FIG. 5 illustrates a case where the DSP core will be stalled in those cases where the shifted update will collide with the new core request, ie when two consecutive core requests have the same least significant bits. Even in such cases, the invention reduces the penalty to one DSP clock cycle, since now the new core's sequence is shifted with respect to the update sequence. The read sequence in this example is P0 during the first clock cycle T0, P4 during clock cycles T1 and T2, and P5, P6, P7 during clock cycles T3, T4 and T5 respectively. The updates consists of U0, U1, U2, U3, U4 during clock cycles T0, T1, T2, T3 and T4 respectively. Hence, without any buffering there is the possibility of contention (and core stall) during clock cycles T0, T2, T3 and T4. By shifting the update sequence by one clock cycle (by the action of the input buffer), call stall can be reduced to just one clock cycle.

Claims

1. An instruction cache for connection between a processor core and an external memory, the instruction cache including a cache memory composed of at least two sub-blocks, each sub-block being distinguishable by one or more least significant bits of a memory address, means for receiving from the processor core a request to read a required data sequence from the cache memory, and a buffer for time shifting an update data sequence, received from the external memory for writing into the cache memory, with respect to the required data sequence, thereby to reduce read/write conflicts in the cache memory sub-blocks.
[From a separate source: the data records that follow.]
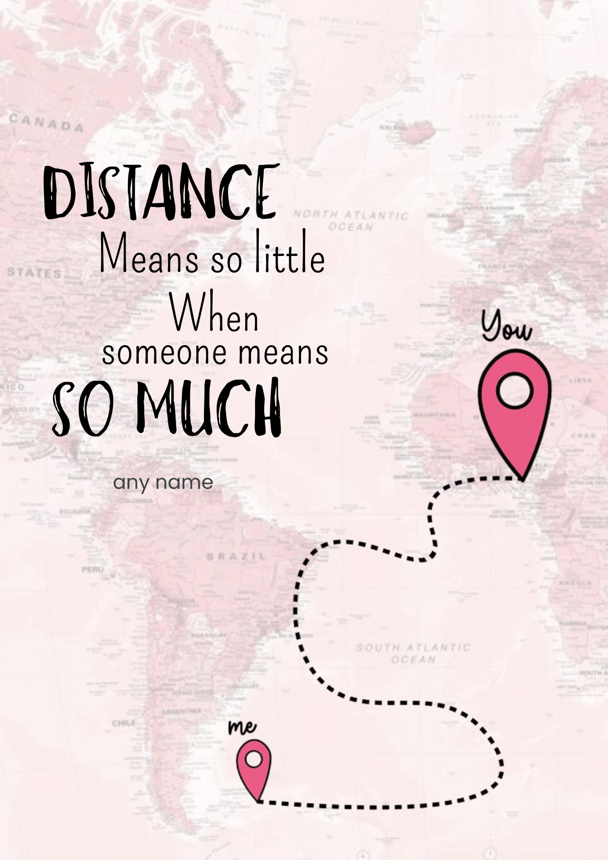 This meaningful card features a world map style background with location pins connected by a dotted path. The message highlights that distance feels small when someone means so much. Designed to comfort and uplift loved ones who are far away, it expresses affection, longing, and emotional closeness no matter the miles in between.
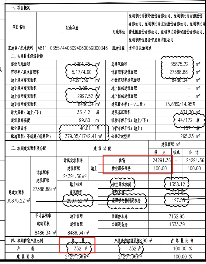 项目总共有352户,其中商品房186户,其余都是回迁房。这里需要注意的是,项目总车位数220个,车位比1:0.63,车位略为紧张。
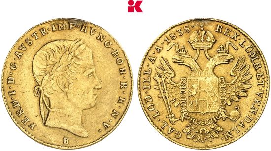 This type was struck 1837-48 in substantial numbers from Vienna (Fr-481), Kremnitz (shown here), Karlsburg (Fr-226) and Venice (Fr-1504). Some authorities list this issue under Hungary but it differs only in mintmark from the Vienna product.
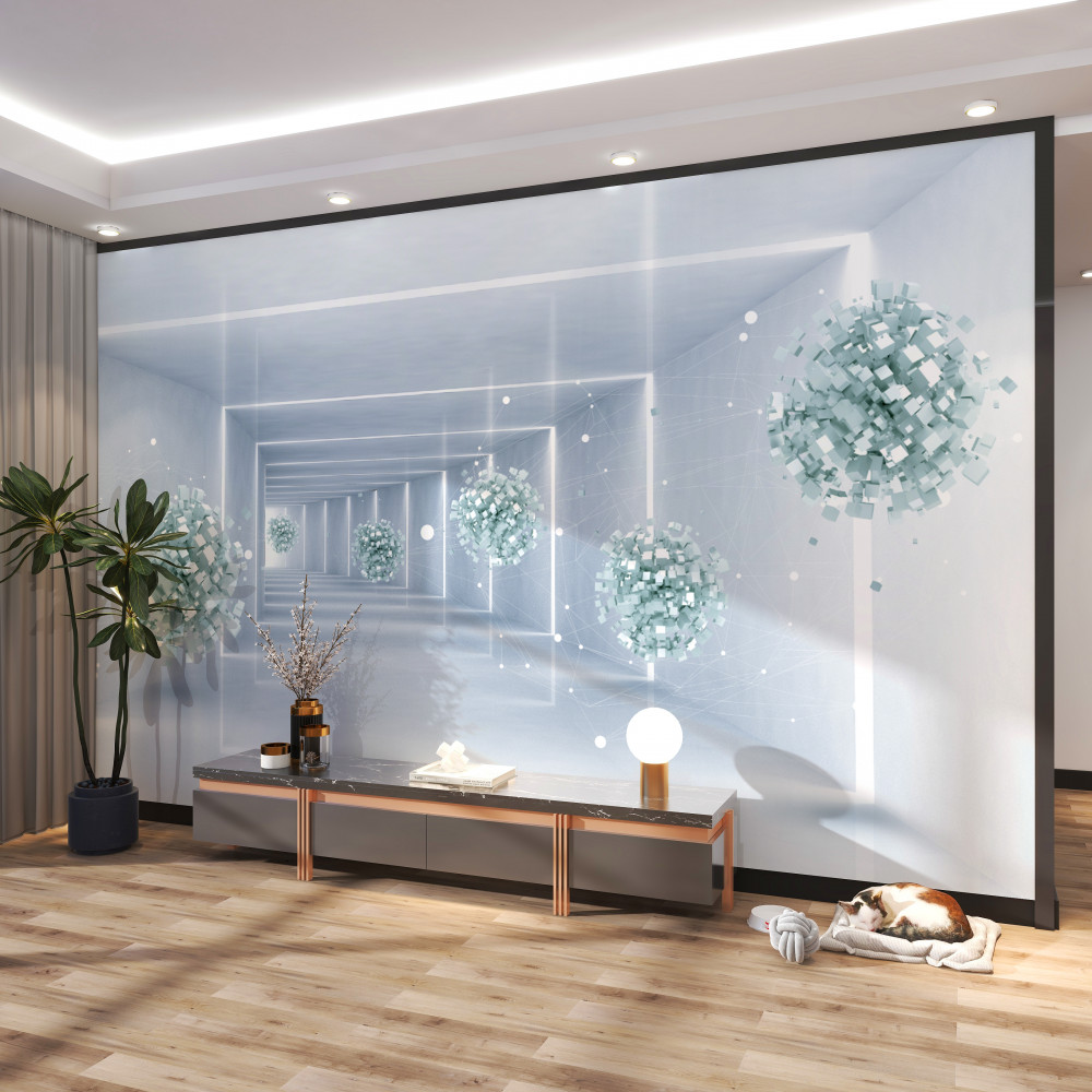 Fotomurales Perspectiva del túnel saliente y las bolas (artículo a91747 ) de la categoría Fotomurales Túnel 3d
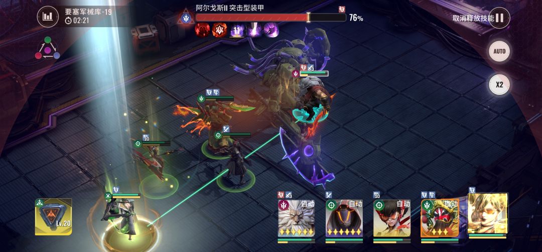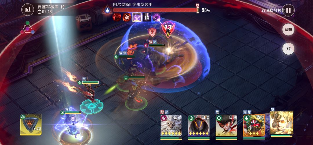 首先一号位狮子站位是固定的,吸引火力,全局不论你怎么窜boss都只打狮子;其次打针姐最后一排站位是确定的,打针姐按照进度白嫖到三星不是问题,因此比哪吒和幽鬼更能扛一点,boss每轮开盾都会放两次“能量紊乱”,分别会给距离最远的两名角色,按照这个站位,第一个紊乱会给哪吒,第二个紊乱会给打针姐,通过卡盾操作可以保证后排全部存活。
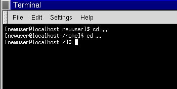 Doesn't look much different from absolute paths, does it? Notice, though, that there's no forward slash in front of home. In essence, you were saying, "go one directory down, to home, then go to newuser, in the home directory."
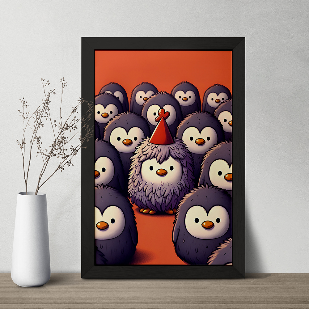 تابلو یا قاب عکس پنگوئن های کیوت خندالو در ابعاد مختلف با استفاده از بهترین برند پروفیل پی وی سی دو سانتی متری بسیار مرغوب، تولید شده اند و در مونتاژ و نصب آنها نهایت دقت در قرارگیری هر چه دقیق تر لبه ها به یکدیگر صورت گرفته است. همچنین در پشت قاب ها گیره ای برای اتصال راحت به دیوار تعبیه شده است. چاپ طرح تابلوی پنگوئن های کیوت با بالاترین کیفیت بوسیله چاپگرهای دیجیتال شش رنگ و کاغذ با کیفیت عکاسی انجام شده و بر روی آن شیشه ای با کیفیت و شفاف در سطح قاب قرار گرفته که از کاغذ عکس محافظت میکند. بسته بندی تابلوها جعبه های مقاوم و محکمی بوده که علاوه بر محافظتی که از بدنه قاب می کند، ظاهر جذابی دارد و تابلوی پنگوئن های کیوت را بدل به محصولی مناسب هدیه کرده است. تابلوهای خندالو با تنوع طرحی بسیار بالا شامل تابلو های دکوراتیو قابل استفاده در اتاق کودک، محل کار و منازل می باشد که سلیقه هر مخاطبی را پوشش می دهد، ضمن اینکه امکان تعویض عکس موجود در قاب وجود داشته و می توان عکس های خانوادگی و … را نیز در آن قرار داد.
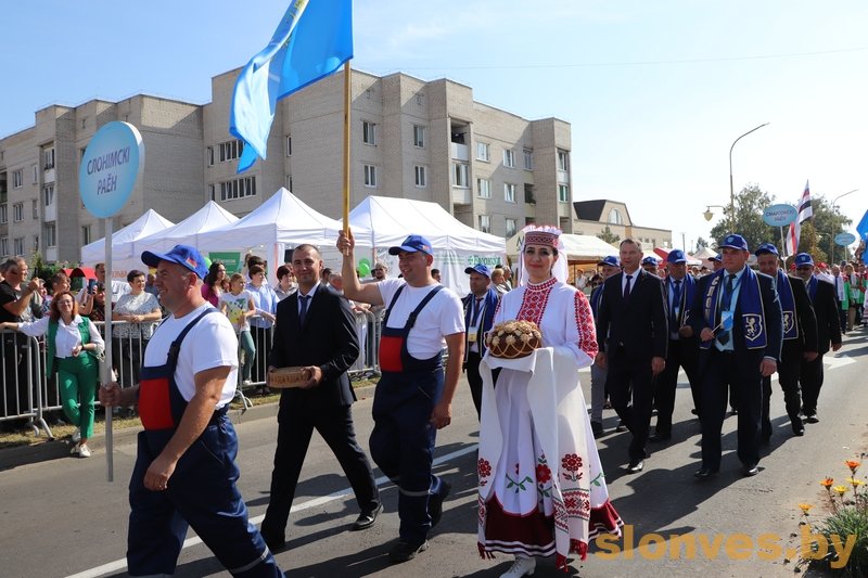 В 13.00 наступил кульминационный момент фестиваля, когда на главную площадь Зельвы торжественным шествием вышли герои жатвы-2023, замечательные труженики, которые напряженно трудились в течение всей уборочной кампании, собирая урожай с полей Гродненщины, и наш регион может гордится результатами. Земледельцев тепло встречали многочисленные участники и гости фестиваля.
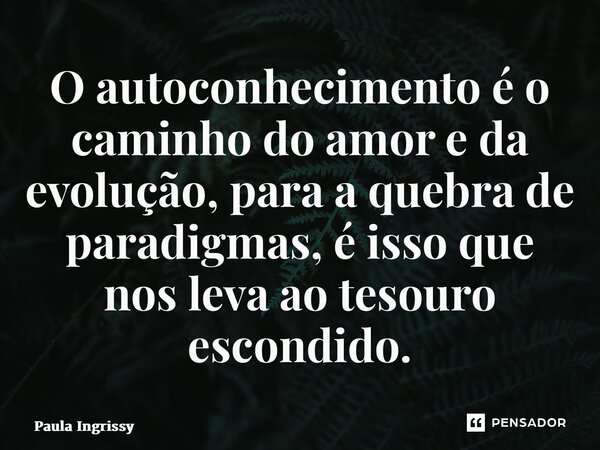O autoconhecimento é o caminho do amor e da evolução, para a quebra de paradigmas, é isso que nos leva ao tesouro escondido.
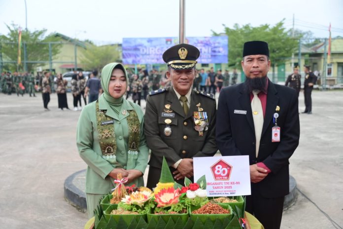 Bengkalis, SinarPerbatasan.com – Bupati Bengkalis diwakili Asisten Pemerintahan dan Kesejahteraan Rakyat Andris Wasono menghadiri upacara peringatan Hari Ulang Tahun (HUT) Tentara Nasional Indonesia (TNI) Ke-80 yang digelar di Lapangan Upacara Kodim 0303/Bengkalis, Sabtu, (5/10/2025).

2. An instruction cache as claimed in claim 1 in which the cache memory is divided into two sub-blocks, one having even addresses and the other having odd addresses.

3. An instruction cache as claimed in claim 1 and further including means for selecting an update data sequence for writing into the cache memory from either the buffer or directly from the external memory via a route by-passing the buffer.
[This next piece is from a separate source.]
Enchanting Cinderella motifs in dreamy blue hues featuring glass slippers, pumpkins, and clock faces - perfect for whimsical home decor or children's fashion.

4. A method for reducing read/write conflicts in a cache memory which is connected between a processor core and an external memory, and wherein the cache memory is composed of at least two memory sub-blocks, each sub-block being distinguishable by one or more least significant bits of a memory address, the method including the steps of:

receiving a request from the processor core for reading from the cache memory a required data sequence,

receiving from the external memory an update data sequence for writing into the cache memory, and

time shifting the update sequence with respect to the required data sequence by buffering the input data, thereby to reduce read/write conflicts in the cache memory sub-blocks.

5. (canceled)

6. (canceled)

7. An instruction cache for connection between a processor core and an external memory, the instruction cache including a cache memory composed of at least two sub-blocks, each sub-block being distinguishable by one or more least significant bits of a memory address, a circuit for receiving from the processor core a request to read a required data sequence from the cache memory, and a buffer for time shifting an update data sequence, received from the external memory for writing into the cache memory, with respect to the required data sequence, thereby to reduce read/write conflicts in the cache memory sub-blocks.

8. An instruction cache as claimed in claim 1 in which the cache memory is divided into two sub-blocks, one having even addresses and the other having odd addresses.

9. An instruction cache as claimed in claim 1 and further including a circuit for selecting an update data sequence for writing into the cache memory from either the buffer or directly from the external memory via a route by-passing the buffer.